ECLI:NL:CRVB:2023:1577
Centrale Raad van Beroep
- Hoger beroep
- Rechtspraak.nl
Hoger beroep niet-ontvankelijk verklaard wegens ontbreken procesbelang na gegrondverklaring bezwaar WIA-uitkering
In deze zaak heeft de Centrale Raad van Beroep op 16 augustus 2023 uitspraak gedaan in het hoger beroep van appellante tegen een eerdere uitspraak van de rechtbank Limburg. Appellante ontving vanaf 22 april 2019 een WGA-uitkering op basis van de Wet werk en inkomen naar arbeidsvermogen (Wet WIA), waarbij haar arbeidsongeschiktheid op 100% was vastgesteld. Echter, het Uitvoeringsinstituut werknemersverzekeringen (Uwv) beëindigde deze uitkering per 3 september 2020, omdat zij minder dan 35% arbeidsongeschikt zou zijn. Appellante heeft hiertegen bezwaar aangetekend, maar dit werd ongegrond verklaard door het Uwv en later door de rechtbank.

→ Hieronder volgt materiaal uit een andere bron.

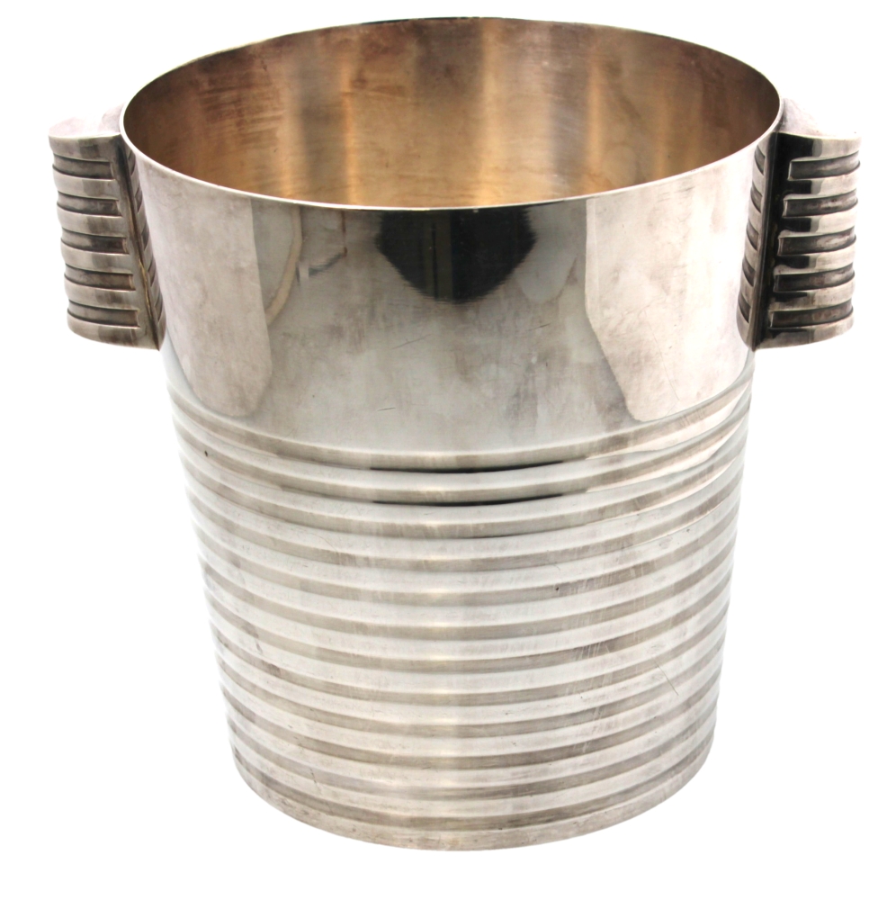 CHRISTOFLE – Luc LANEL (1893-1965) – Seau à champagne modèle Ondulations, modèlé créé par Luc LANEL pour la maison Christofle pour le paquebot Normandie. H 21 cm x diam. 19 cm

Tijdens de procedure in hoger beroep heeft het Uwv op 18 januari 2023 een gewijzigde beslissing op bezwaar genomen, waarin het bezwaar van appellante alsnog gegrond werd verklaard. De mate van arbeidsongeschiktheid werd opnieuw vastgesteld op 100%, wat betekende dat de eerdere beëindiging van de WGA-uitkering onterecht was. Appellante stemde in met de gegrondverklaring van het bezwaar en de voortzetting van de WIA-uitkering, maar vroeg ook om een proceskostenvergoeding.

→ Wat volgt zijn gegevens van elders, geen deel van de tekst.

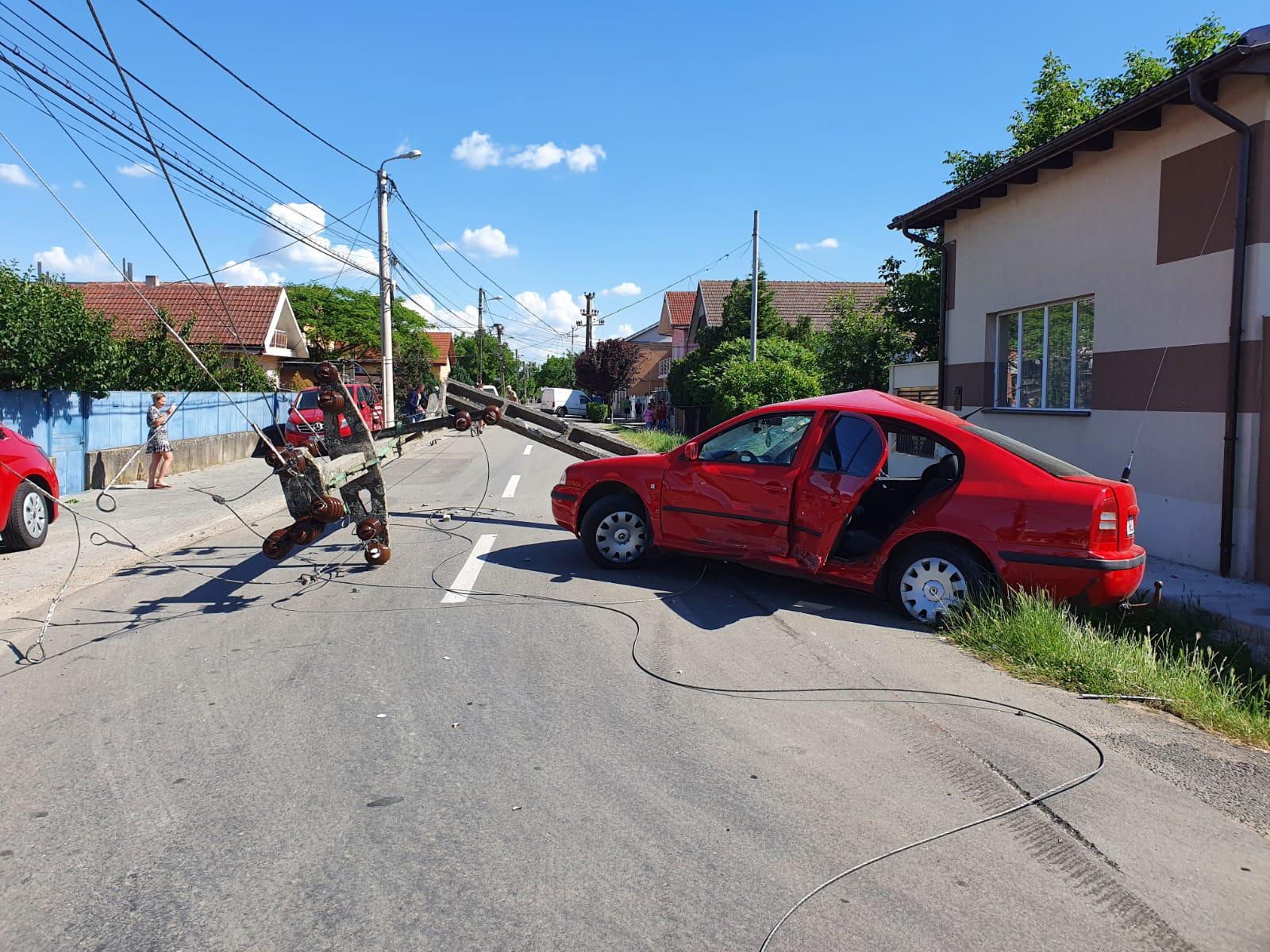 În urma coliziunii, autovehiculul marca Skoda a fost proiectat într-un stâlp de curent, pe care l-a rupt în două. Stâlpul a căzut peste autoturism, iar întreaga zonă a rămas fără electricitate.

De Raad oordeelde dat het hoger beroep niet-ontvankelijk moest worden verklaard wegens het ontbreken van procesbelang, aangezien het bezwaar van appellante inmiddels gegrond was verklaard. Tevens werd het Uwv veroordeeld tot het vergoeden van de proceskosten van appellante, die in totaal € 4.123,50 bedroegen, evenals het griffierecht van € 185,-. De uitspraak werd gedaan door F.M. Rijnbeek, in tegenwoordigheid van griffier E.X.R. Yi.